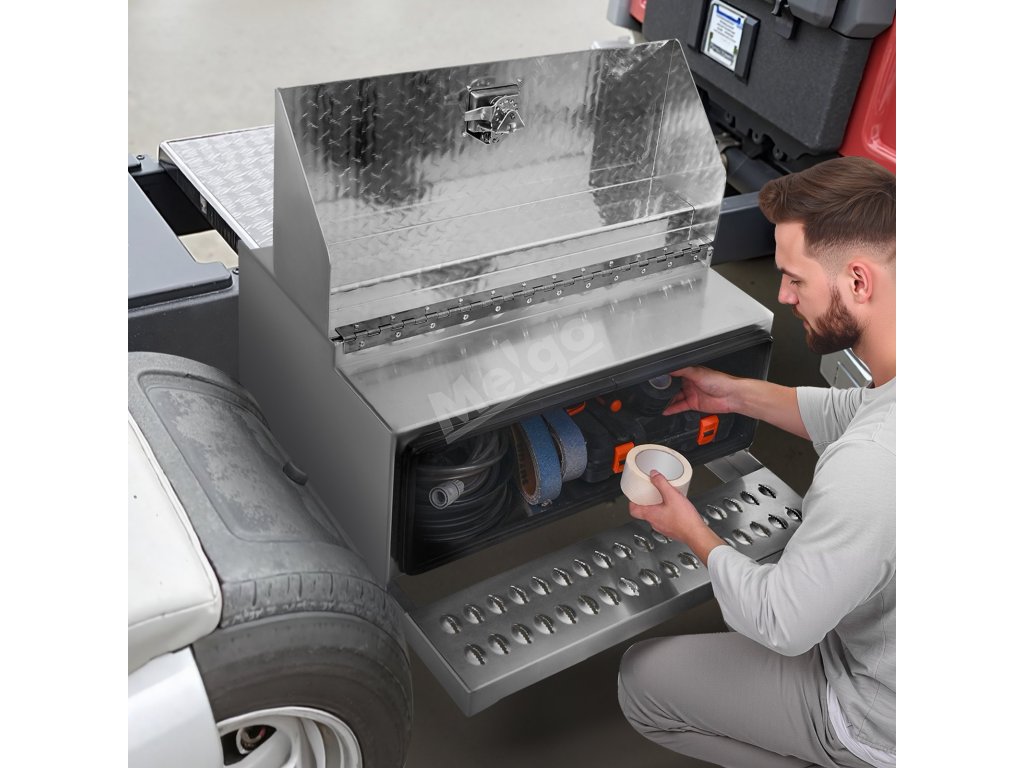 Tento hliníkový stupňovitý box na nářadí o rozměrech 760 x 750 x 400 mm, vyrobený z 2 mm silných stupňovitých desek a 3 mm silného těla boxu, nabízí robustní konstrukci odolnou proti deformacím a kývání, která unese zatížení až 200 kg.
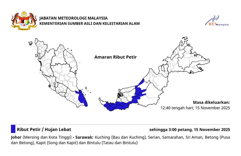 预计柔佛州(美溪与哥打丁宜)及砂拉越州(古晋:包与古晋;斯里阿曼区:色力安、沙马然、斯里阿曼、民都鲁:布东及布东;加帛区:松及加帛;民都鲁区:达陶及民都鲁)将出现雷暴、强降雨及强风,警告有效至2025年11月15日下午3时。
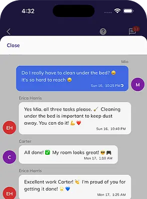 Comunícate con los miembros de la familia sobre tareas específicas a través de hilos de chat dedicados para hacer preguntas, proporcionar actualizaciones u ofrecer ánimo.
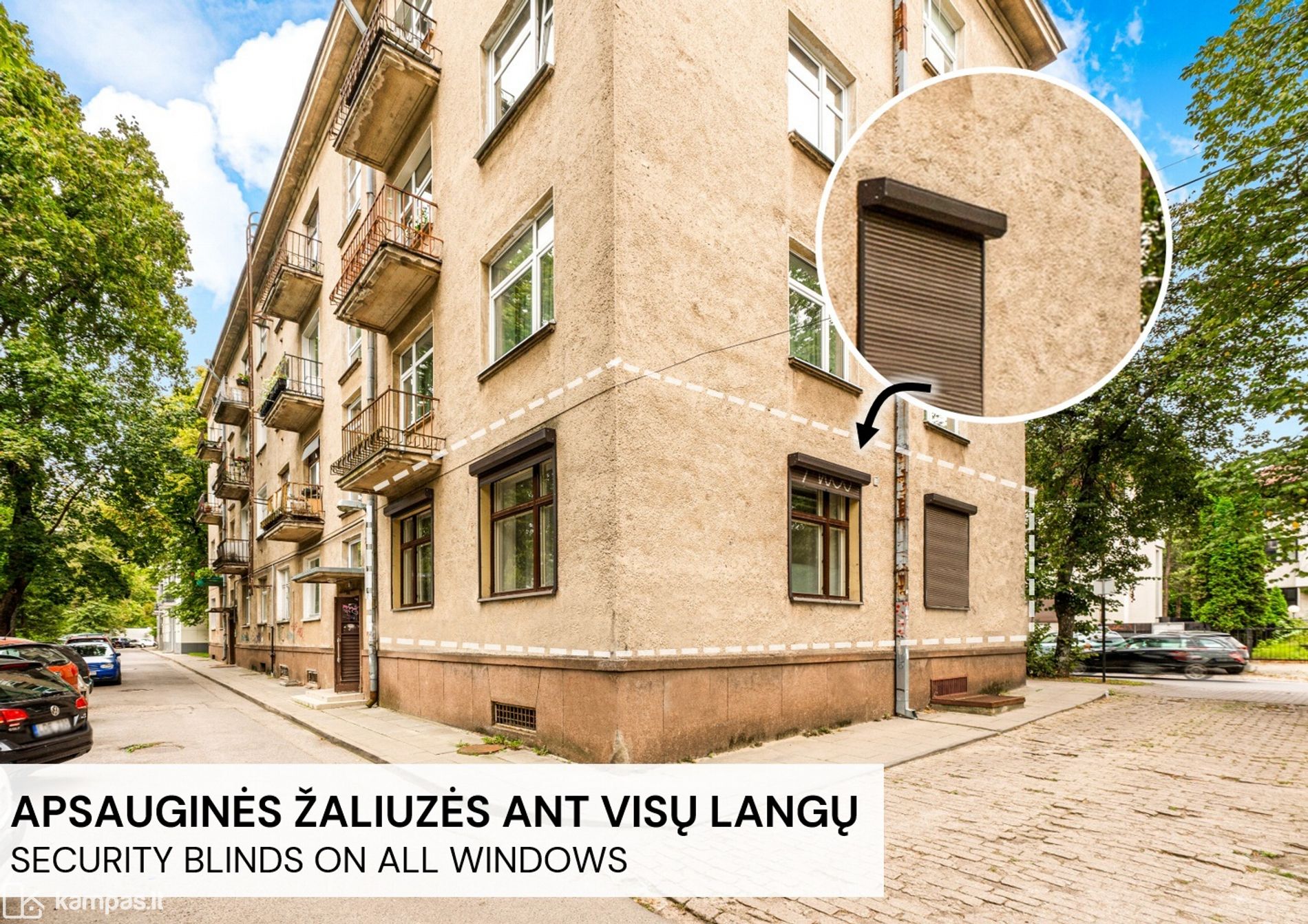 • Ant langų sumontuotos išorinės apsauginės žaliuzės (dėl apsaugos ir dėl karščio vasarą)
────────
**Task directions**.
The material should be duplicated word for word, with no images included.

**Response**.
 Tento hliníkový stupňovitý box na nářadí o rozměrech 760 x 750 x 400 mm, vyrobený z 2 mm silných stupňovitých desek a 3 mm silného těla boxu, nabízí robustní konstrukci odolnou proti deformacím a kývání, která unese zatížení až 200 kg.
 预计柔佛州(美溪与哥打丁宜)及砂拉越州(古晋:包与古晋;斯里阿曼区:色力安、沙马然、斯里阿曼、民都鲁:布东及布东;加帛区:松及加帛;民都鲁区:达陶及民都鲁)将出现雷暴、强降雨及强风,警告有效至2025年11月15日下午3时。
 Comunícate con los miembros de la familia sobre tareas específicas a través de hilos de chat dedicados para hacer preguntas, proporcionar actualizaciones u ofrecer ánimo.
 • Ant langų sumontuotos išorinės apsauginės žaliuzės (dėl apsaugos ir dėl karščio vasarą)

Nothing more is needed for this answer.